Como foi o período de adaptação? Os professores ainda ficam presos ao modelo antigo de ensino?
Todas as pessoas são presas a modelos antigos. Toda mudança é muito difícil. A nossa mudança foi gradual. (A adaptação) se deu com pesquisa, tentativa e erro e partilha das dificuldades. Os problemas nos fazem ficar em inércia ou nos atiram para frente, e eles têm que ser o ponto de partida para fazer qualquer coisa, e não o ponto de chegada e de parada. E a partilha de pequenas vitórias também. Não há só dificuldades, também há pequenas vitórias.
Todas as escolas são iguais em todo o mundo. Elas foram criadas na era industrial, para criar hábitos: levantar cedo, ir para o trabalho. E continuamos a manter uma escola com essas características quando a industrialização já está avançada. Quando tudo acontece muito rápido, continuamos a formatar as crianças em um ritmo que não é o ritmo de hoje.
Por que havia a necessidade de fazer algo diferente dessa escola tradicional?
Havia crianças que eram reunidas todas em uma turma só, das que não progrediam. Quando uma criança vai para uma escola com um rótulo, essa escola já vai trabalhar em função do seu rótulo. Não vai pedir dela o máximo que ela pode fazer, vai pedir dela aquilo que o rótulo diz. É possível lutar contra isso. É possível criar mecanismos para pedir a todos o melhor de si, e o melhor de si não é igual para todos.

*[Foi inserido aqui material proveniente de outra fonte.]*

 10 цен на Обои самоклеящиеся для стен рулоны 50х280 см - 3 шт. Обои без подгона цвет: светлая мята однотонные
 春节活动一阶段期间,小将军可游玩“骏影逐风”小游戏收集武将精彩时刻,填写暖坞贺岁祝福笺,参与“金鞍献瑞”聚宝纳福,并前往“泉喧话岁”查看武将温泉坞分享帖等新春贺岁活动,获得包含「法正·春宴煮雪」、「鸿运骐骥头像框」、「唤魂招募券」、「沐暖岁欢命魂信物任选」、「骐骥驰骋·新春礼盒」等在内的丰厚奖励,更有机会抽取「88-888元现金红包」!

Quer dizer, respeitar as individualidades
Temos que deixar desabrochar na criança aquilo no que ela tem mais capacidade. Tem muita gente que sabe dançar, outros sabem cantar; mas para tudo isso geralmente se diz: ''Não siga esta carreira, porque não dá dinheiro''. É possível conciliar as duas coisas, sem desvalorizar uns em função dos outros.

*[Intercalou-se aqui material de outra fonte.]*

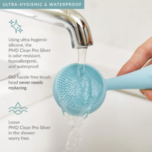 PMD Beauty Clean Pro Silver – Dispositivo inteligente de limpeza facial com escova de silicone e massageador antienvelhecimento Pure Silver ActiveWarmth – Impermeável – SonicGlow Vibration – Limpe poros e cravos – Tecnologia SonicGlow – Com 7.000 vibrações por minuto, o Clean remove profundamente as impurezas da pele ao remover a sujeira e o óleo de dentro dos poros – A beleza do silicone – Usando silicone ultra-higiênico, o PMD Clean é resistente a odores, hipoalergênico e impermeável. Nossa cabeça de escova fácil nunca precisa ser substituída. – Personalizável para todos os tipos de pele – Um poderoso dispositivo de limpeza com cerdas suaves o suficiente para todos os tipos de pele. Com quatro modos personalizáveis, o PMD Clean oferece uma gama completa de opções de limpeza – Massagem facial ActiveWarmth – A tecnologia ActiveWarmth apresentada no PMD Clean Pro usa terapia térmica combinada com SonicGlow para ativar seus cuidados com a pele, auxiliando em uma absorção e eficácia mais profundas – Prata pura – Banhado com prata pura, o massageador de metais preciosos oferece benefícios antienvelhecimento
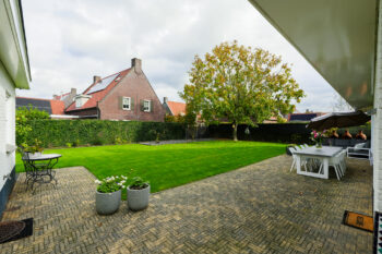 De tuin is zeker voor Brandevoortse begrippen uitzonderlijk ruim. Het perceel beslaat maar liefst 1.200 m², iets wat in Brandevoort zelden voorkomt. Zowel de voor- als achtertuin zijn onderhoudsvriendelijk aangelegd, met een groot gazon en een ruim terras. De oprit biedt plaats aan meerdere auto’s, waardoor parkeren op eigen terrein geen enkel probleem is. Het hekwerk is elektrisch te bedienen. Tegen het bijgebouw is nog een extra overkapping gemaakt. Hieronder kunt u tuinspullen droog neerzetten.
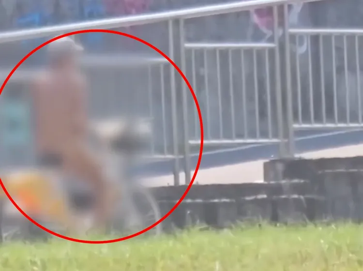 林男说,转身果然看见一名戴著白色帽子的男子一丝不挂,悠哉著骑著黄色公共自行车,在河滨公园道路上前进,他马上拿出手机录影存证,而且仔细一看,他右手还放在两腿中间,疑似在抚摸生殖器,还光著屁股坐在自行车上,让人感觉到很恶心!
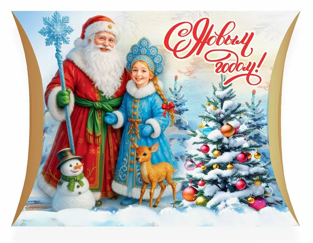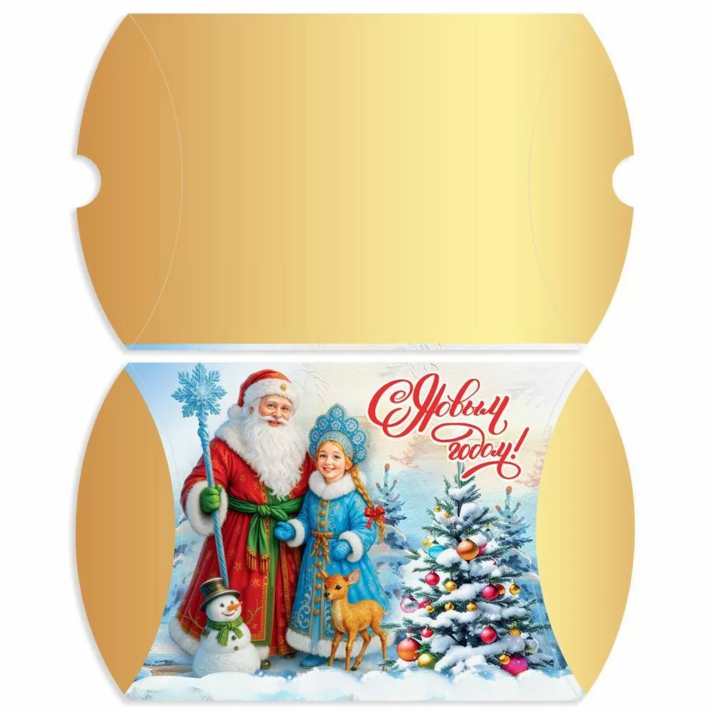 Коробочка-подушка – это идеальный способ красиво оформить подарок к Новому году и Рождеству. В нее можно положить конфеты или другие сладости, мини-игрушку, аксессуар, косметику, небольшой сувенир. Самосборная коробка с легкостью раскладывается и складывается, что дает возможность быстро и удобно упаковать подарок. Яркий оригинальный принт создает праздничное настроение. На коробке изображены Дед Мороз, Снегурочка и новогодняя елка. Универсальная новогодняя упаковка порадует и детей, и взрослых. Изготовлена из плотного картона. Размер изделия – 164х100 мм. В упаковке 10 шт.

Se nós formos dar só importância à capacitação acadêmica, qualquer dia, se quisermos roupa, não teremos quem faça. Se quisermos construir uma casa, não teremos quem construa. Nós desvalorizamos continuamente todo trabalho que é manual, toda escolarização profissionalizante, e isso também tem que ser valorizado.

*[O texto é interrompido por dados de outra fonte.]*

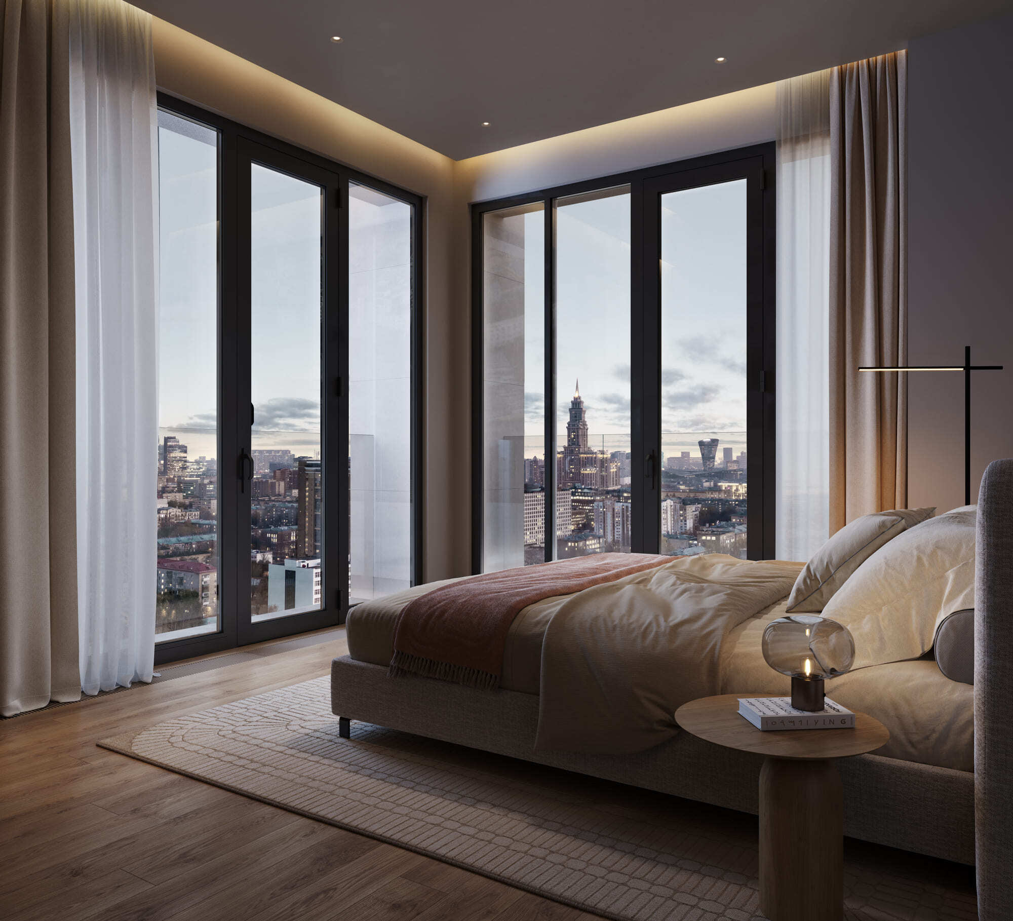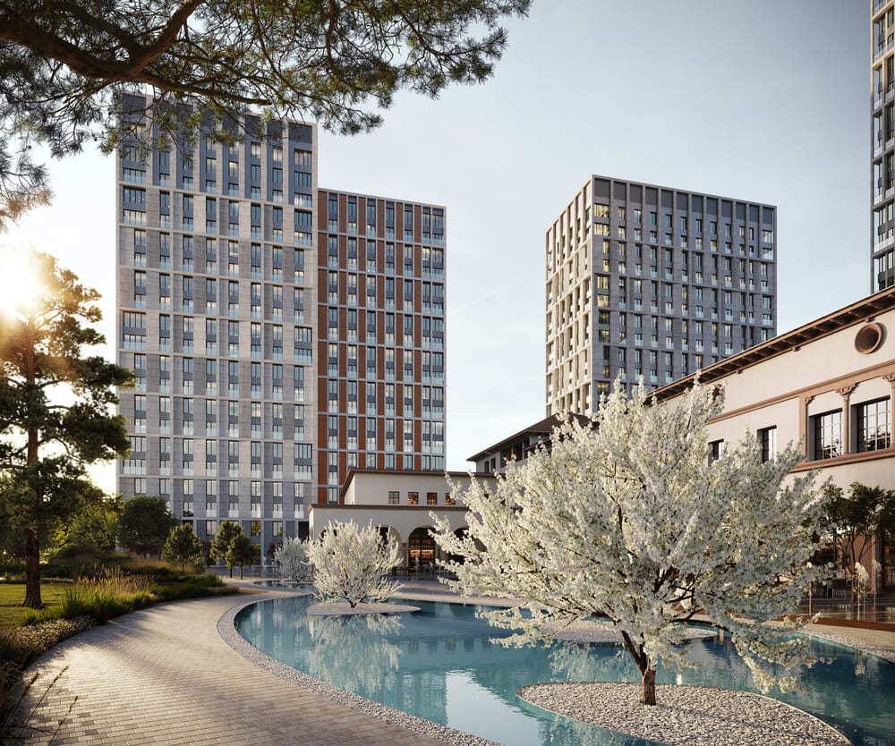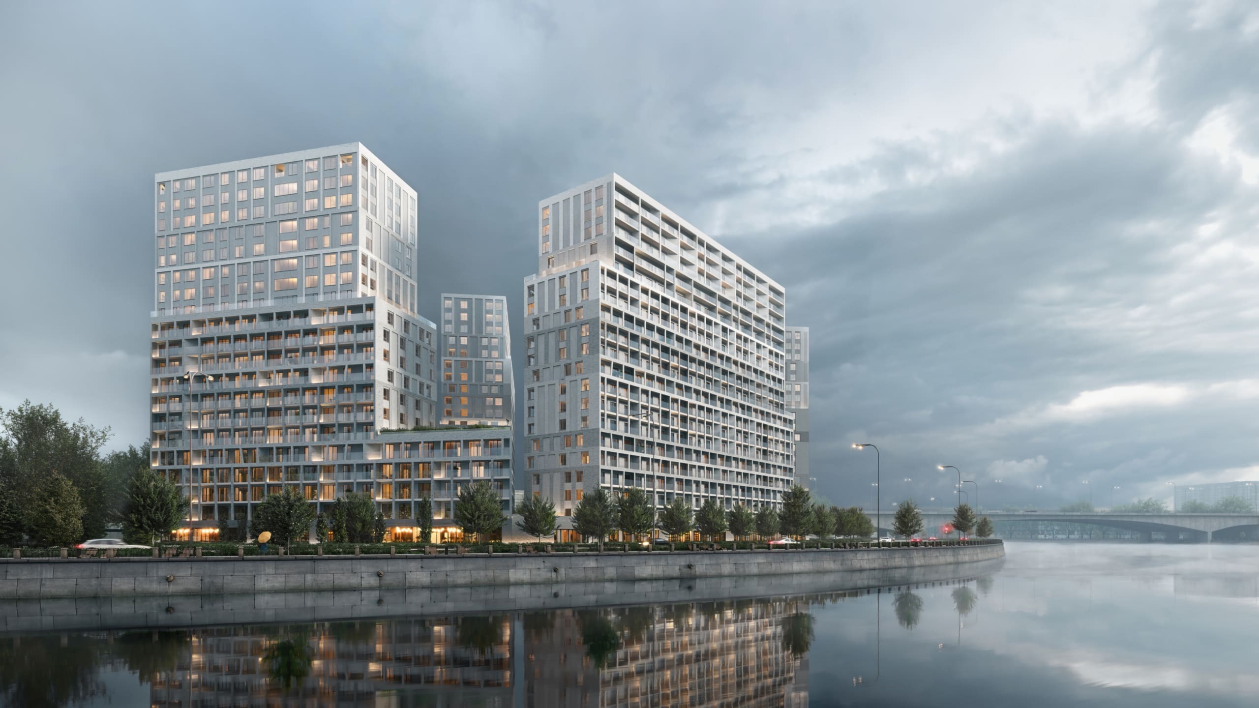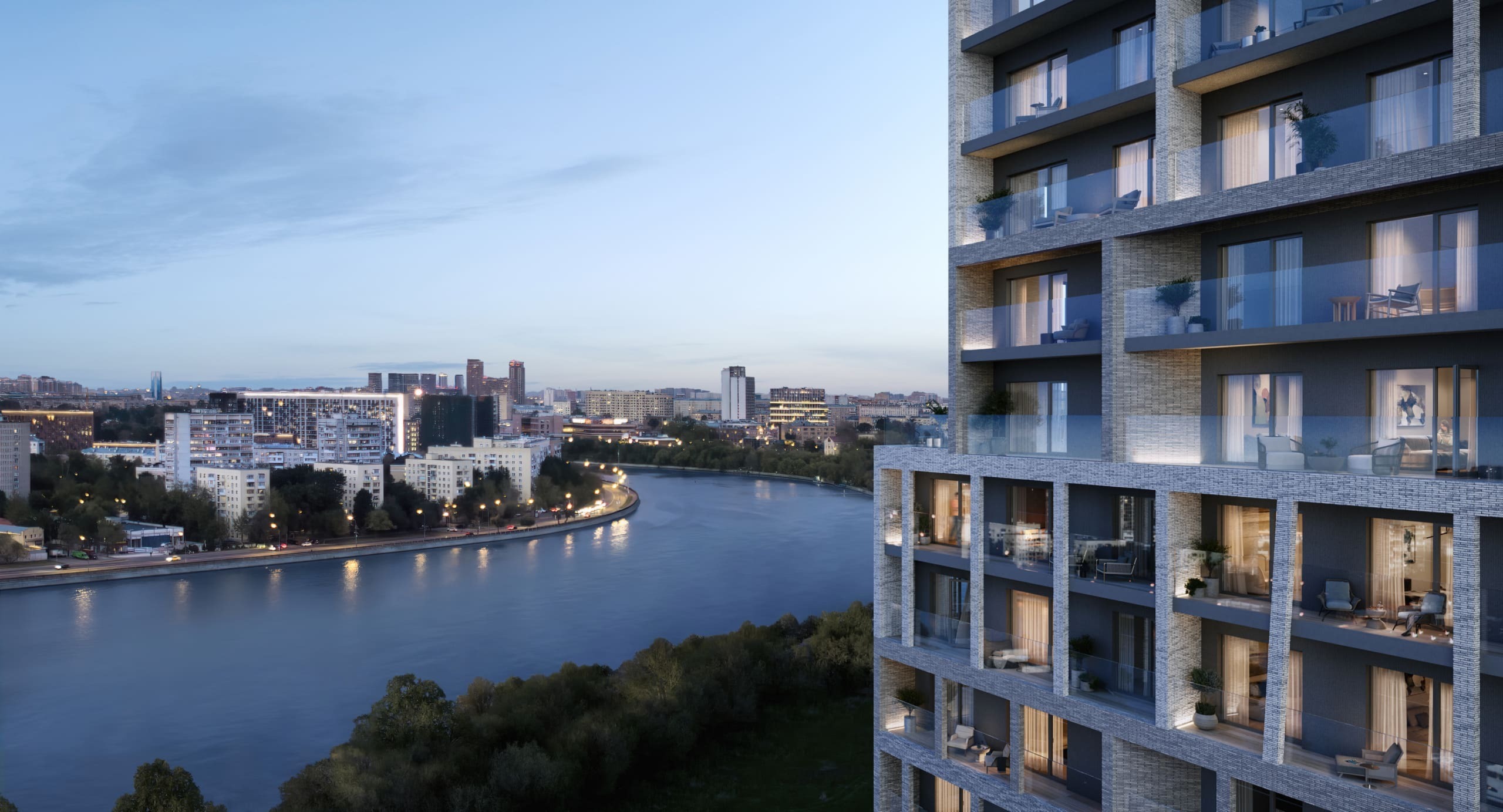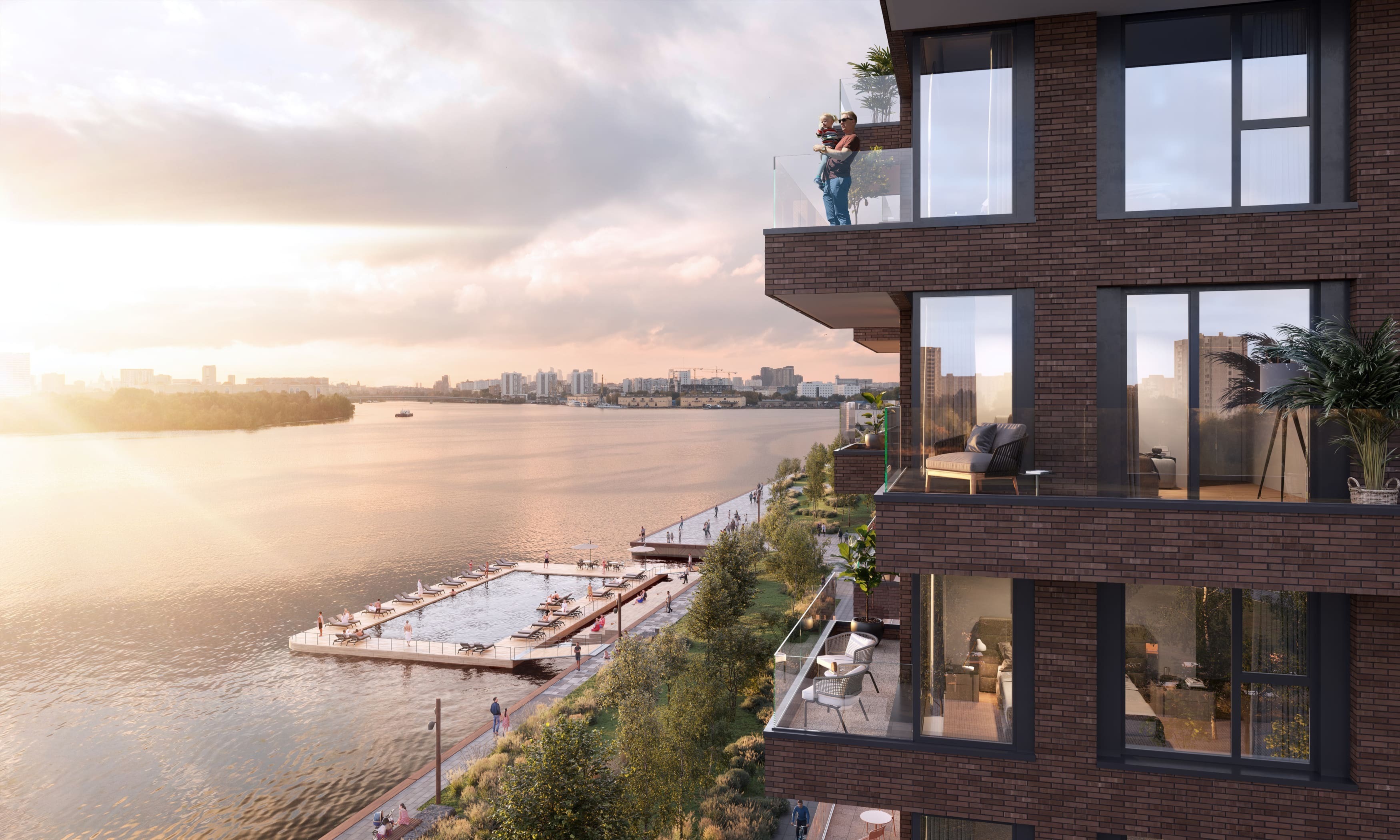 Изюминка проекта, который возводится на минимальном расстоянии от реки, — 95% квартир будут иметь вид на воду. Причем на запад, а значит вся магия закатов в сочетании с панорамой реки, ширина которой в этой части достигает километра, достанется жителям. Идею связи жилого и водного пространства также поддержат марина для яхт и лодок, центр водных видов спорта и собственный понтонный бассейн на открытом воздухе.

Como as escolas podem colocar em prática mudanças como essas?
Fazendo. Como é que aprendemos a andar? Andando. Aprendemos a falar, falando. E quando se pega em um livro e se estuda, estudamos porque temos algo que nos angustia. Por que um professor também não pode estudar quando tem um problema que os angustia?
É possível qualquer escola seguir esse caminho?
Toda e qualquer escola pode seguir ''um'' caminho, cada uma o seu caminho.